Sebelas

1.5K 120 4
                                    

Hallo gaes setelah lama menghilang bak ditelan bumi. Akhirnya aku balik lagi. Sorry yah bukan maksudku buat PHP tapi aku emang sibuk banget dan kehilangan ide buat lanjutin cerita aku. Buat kalian yang masih setia nunggu happy reading yah 😘😘😍😍

*****

Jingga resah akan rasa yang baru saja tumbuh di dadanya. Rasanya pada Samudra, pria tampan itu. Sang nahkoda kapal itu. Rasa di dada Jingga yang bernama cinta nampaknya mulai bersemi.

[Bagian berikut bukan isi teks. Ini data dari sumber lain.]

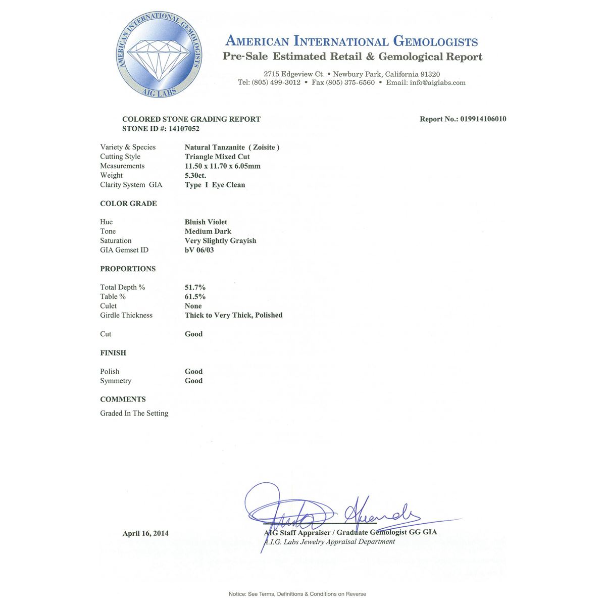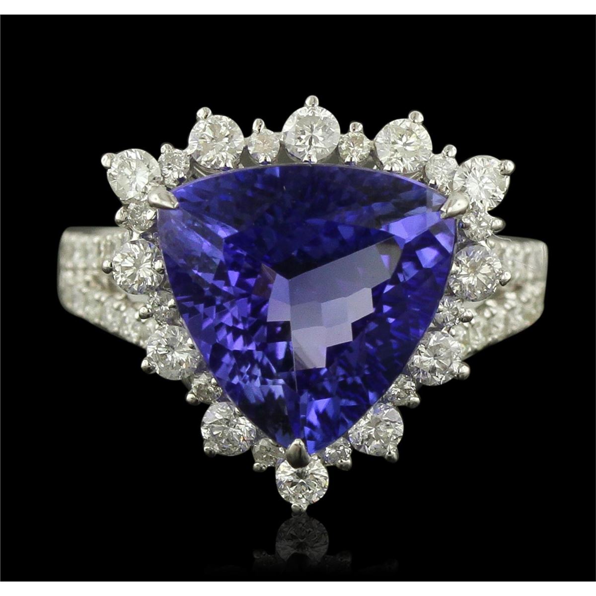 One electronically tested 14KT white gold ladies cast tanzanite and diamond ring with a bright polish finish. Condition is new, good workmanship. The featured tanzanite is set within a diamond lattice gallery, supported by diamond set split shoulders and completed by a two and one-half millimeter wide band. Identified with markings of "14K 585". Containing: One prong set triangle mixed cut natural tanzanite, measuring 11.50 x 11.70 x 6.05mm, 8%. bulge factor, approximate weight of 5.30ct., clarity is eye clean, type I, medium dark, very slightly grayish, bluish violet color, (GIA bV 6/3), cut is good. Transmitting light with no distortion, transparent. Colored Stone Grading Report attached. Graded in the setting. Tanzanite is a very rare gemstone that is only found in the country of Tanzania. Originally discovered in 1967. Tiffany & Company, named the stone Tanzanite. It is found in the Usumburu Mountains that border the Umba Valley of northern Tanzania. Tanzanite occurs in gray, brown, violet, blue, reddish-purple, & green. The gem is interesting because of its exceptional pleochroism. Rotated in different directions a tanzanite will exhibit multiple changes of color. Tanzanite has a low tolerance to ultrasonic cleaning, and should not be cleaned using this method. Forty prong set round brilliant cut diamonds, measuring 1.50 - 1.20 x 0.81mm (depth est.) approximate. Total Weight of 40 Stones = 0.46ct. Graded in the setting. Clarity: SI-2 to I-2. Color: G - I Twelve prong set round brilliant cut diamonds, measuring 2.20 - 2.20 x 1.32mm (depth est.) approximate. Total Weight of 12 Stones = 0.56ct. Graded in the setting. Clarity: I-1 to I-2. Color: G - I. Total Weight of Colored Stones 5.30ct. Total Weight of Diamonds 1.02ct. Total Weight of Ring 5.40 grams. AIG Appraised at $16,150.00.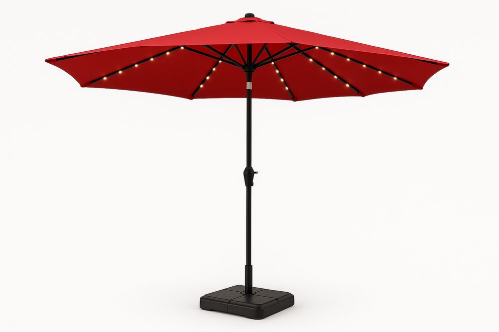 Outdoor Garden Umbrella Red with LED Lights Round Polyester Canopy 300cm

Dia yang awalnya tidak menyukai Samudra bahkan bisa dikatakan anti dengan pria menjengkelkan yang sayangnya tampan itu. Bagaimana mungkin kini mulai menyukainya.

Entah. Bagaimana virus Samudra merasuk ke dalam hatinya, pikirnya. Apa pun yang ia lakukan pasti teringat pada pria itu. Bayang Samudra menghantuinya.

"Akkgghhh...." Jingga menggerang kesal, gadis cantik itu menggelengkan kepala sambil mengacak-acak rambutnya sendiri hingga menjadi berantakan.

Gadis itu mencoba mengusir sosok Samudra dalam kepalanya. Tak seharusnya ia selalu kepikiran si nahkoda tampan itu yang asal usulnya pun bahkan ia tak mengetahui pastinya.

Jingga teringat perihal semalam. Dimana sang ibunda memarahinya. Melarang dirinya untuk tak dekat dengan si nahkoda kapal itu.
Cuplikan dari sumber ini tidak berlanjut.